[9] RFR(S): 8155608: String intrinsic range checks are not strict enough

Fri Apr 29 20:00:31 UTC 2016

> On Apr 28, 2016, at 9:23 PM, Tobias Hartmann <tobias.hartmann at oracle.com> wrote:
> 
> Hi Chris,
> 
> On 28.04.2016 22:11, Christian Thalinger wrote:
>> 
>>> On Apr 28, 2016, at 12:45 AM, Tobias Hartmann <tobias.hartmann at oracle.com <mailto:tobias.hartmann at oracle.com>> wrote:
>>> 
>>> Hi
>>> 
>>> please review the following patch:
>>> 
>>> https://bugs.openjdk.java.net/browse/JDK-8155608
>>> http://cr.openjdk.java.net/~thartmann/8155608/jdk/webrev.00/
>> + checkBoundsOffCount(dstOff << 1, len << 1, dst.length);
>> 
>> It’s funny that we still do << 1 instead of * 2 when every compiler on this planet can optimize that.   Yeah, yeah, I know, it’s because of the interpreter but does it really matter?
> 
> I used it more for consistency because we use "<< 1" in all the other places in StringLatin1, StringUTF16 and String as well. I think this originated from the "value.length >> String.coder()" use case to get the length depending on the String encoding. Besides that, I'm not sure if interpreter speed really matters here but the String methods are executed a lot (especially during startup).
> 
>> Actually, I would prefer:
>> 
>> + checkBoundsOffCount(dstOff * Character.BYTES, len * Character.BYTES, dst.length);
> 
> I agree that this is more readable but for consistency I would like to go with the "<< 1" approach.

Again, a loss for maintainability versus consistency (a.k.a. “we’ve always done it this way”).

> 
> Thanks,
> Tobias
> 
>> 
>>> http://cr.openjdk.java.net/~thartmann/8155608/hotspot/webrev.00/
>>> 
>>> Some String API methods use StringUTF16.putChar/getChar to read a char value from a byte array.
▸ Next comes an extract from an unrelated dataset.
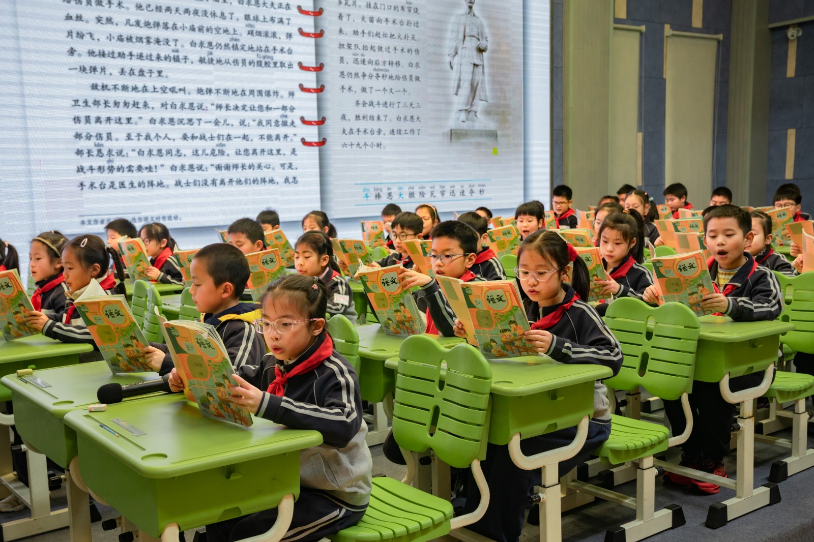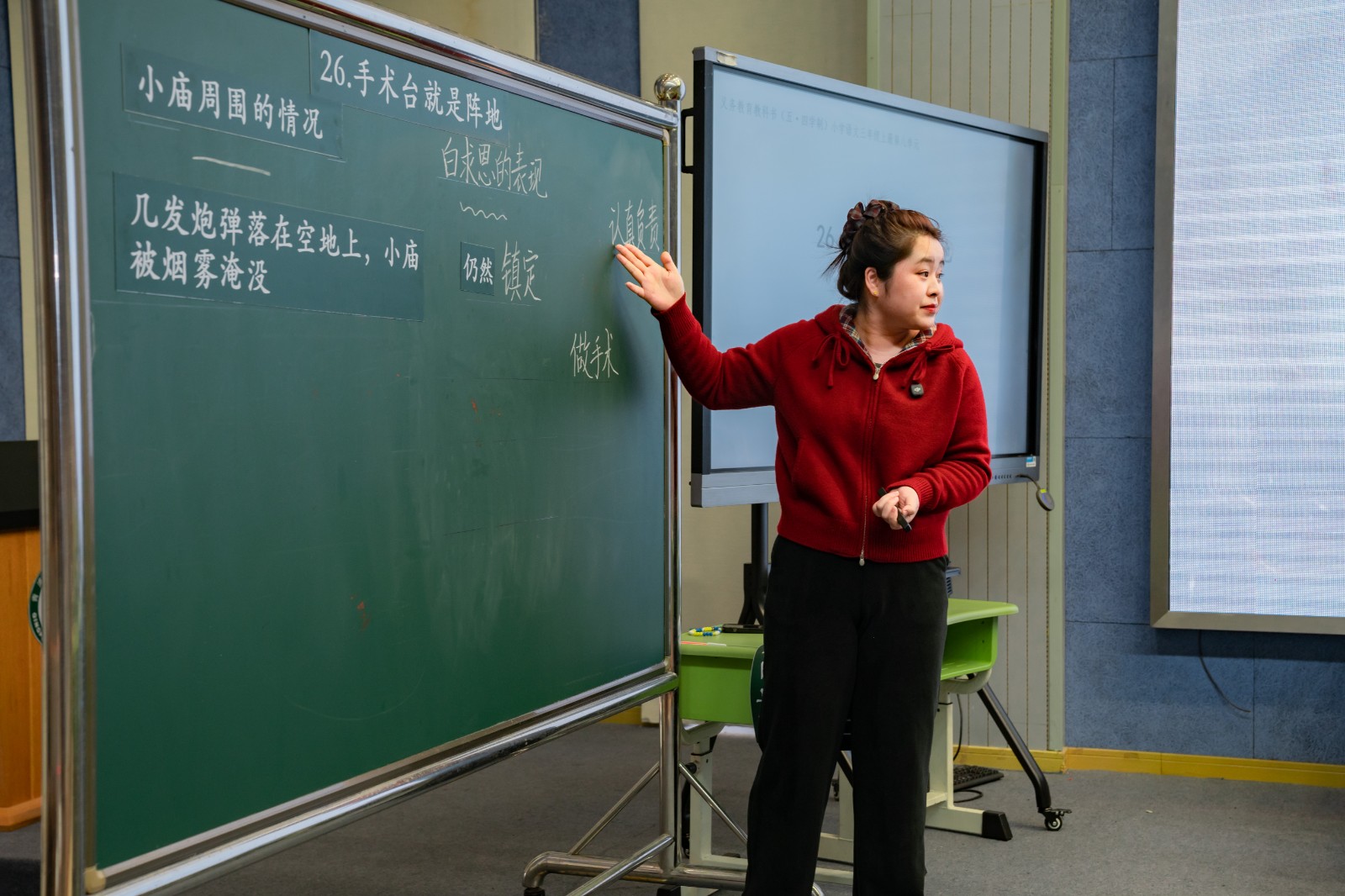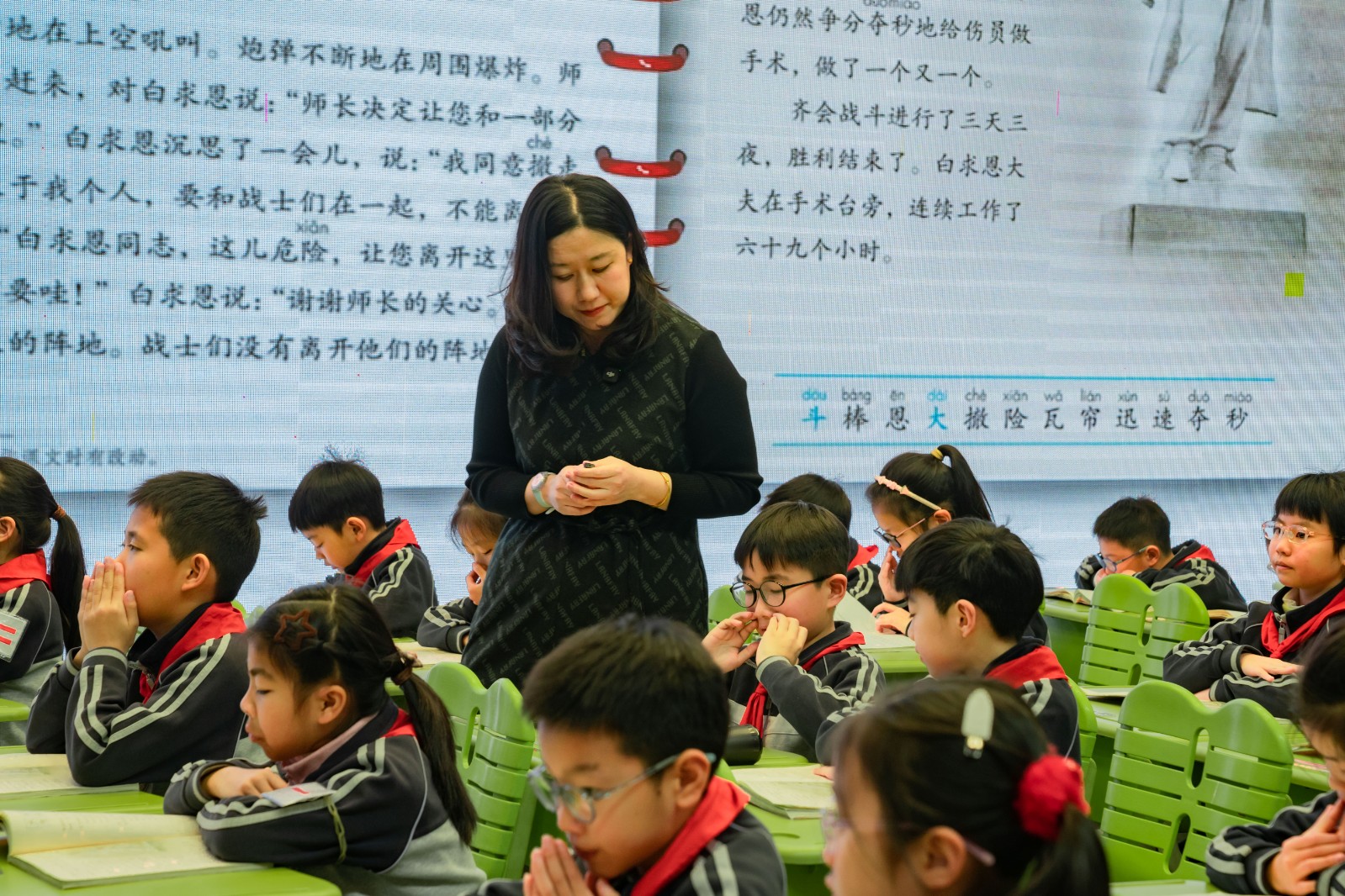 首先,御澜湾学校盛思远、潘敏月两位教师分别执教了三年级上册第八单元课文《手术台就是阵地》的两个课时。两位教师紧扣教学目标,围绕单元核心学习任务开展教学,环节清晰且层层递进。教学中,先引导学生抓住时间、地点、人物、事件等要素,大致说清课文的主要内容;再通过边默读边圈画相关语句的方式,梳理小庙周围的战斗情况与白求恩大夫的表现,引导学生根据白求恩大夫的言行推断他的内心活动,体会他对工作极其负责的品质,以及崇高的国际主义、共产主义精神。通过本课学习,培养学生带着问题默读课文、边读边思的习惯,帮助他们掌握了解课文主要内容、体会人物品质的方法。

For performance reasons, putChar/getChar is intrinsified by C1/C2 without range checks (like the Unsafe counterparts). The Java callers are responsible for adding the corresponding explicit range checks if necessary.
>>> 
>>> I noticed that the Java level range checks in StringUTF16::compress(), StringUTF16::getChars() and StringLatin1::inflate() are not strong enough. Offset and length need to be multiplied by two because they index a char value in a byte array. I added a regression test that triggers the problem and also checks the other relevant intrinsics by invoking the methods with different arguments.
>>> 
>>> Tested with regression test (-Xint/-Xcomp) and RBT (running).
>>> 
>>> Thanks,
>>> Tobias